Seamus Egan, representing forestry group SEEFA, in a video outside Deputy Barry Cowen's Tullamore office.

Forestry group protests outside Offaly TD's office over licensing crisis

The private forestry group SEEFA (the Social, Economic, Environmental Forestry Association of Ireland) is this week staging a series of protests at the offices of Government TDs in an effort to highlight the ongoing crisis in the forestry sector.

The organisation posted a video on social media of one of its representatives, Seamus Egan of Axe Forestry, outside the Tullamore office of Fianna Fáil TD Barry Cowen.

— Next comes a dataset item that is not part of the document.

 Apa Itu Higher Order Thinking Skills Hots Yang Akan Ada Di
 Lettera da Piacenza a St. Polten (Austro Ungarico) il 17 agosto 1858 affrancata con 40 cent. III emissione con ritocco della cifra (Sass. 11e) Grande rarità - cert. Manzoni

"We're calling on Deputy Cowen, Minister (Pippa) Hackett and their Government colleagues to make an intervention, to meet the forestry industry," said Mr Egan in the video.

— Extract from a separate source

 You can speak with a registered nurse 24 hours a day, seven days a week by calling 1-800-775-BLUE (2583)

"Something needs to happen here very quickly as the industry is basically going down the tubes."

SEEFA is an alliance of private industry professionals who are urging the Government to help maintain employment for more than 12,000 people in a sector which it said had been "devastated" by a backlog in the granting of afforestation and felling licenses.

SEEFA said it was seeking direct intervention from the Department of the Taoiseach, on the basis that all other options had failed.

Fianna Fáil TD Jackie Cahill, Chair of the Oireachtas Joint Committee on Agriculture, Food and the Marine, commented, "We have seriously missed our targets in the programme for Government on afforestation. We are 15,000 behind target on afforestation in the last five years, and if those trees had to be planted in their lifetime they would have sequestered 5.4 million tonnes of carbon.

"We have really missed an opportunity to benefit the rural economy and in our fight against climate change. Our failure to issue licenses and our failure to plant trees for afforestation is haunting us and will continue to haunt us in the years ahead because we can't reclaim that lost time."

SEEFA said over 1,000 afforestation applications and thousands of felling and road licence applications were still awaiting a decision, adding that this was having a severe social, economic and environmental impact.

"Forest owners cannot plant their land, manage their forests or sell their timber. For many owners, this is their pension or the manner to pay for education for their children. The implications of this crisis will be felt for many years to come," the organisation stated.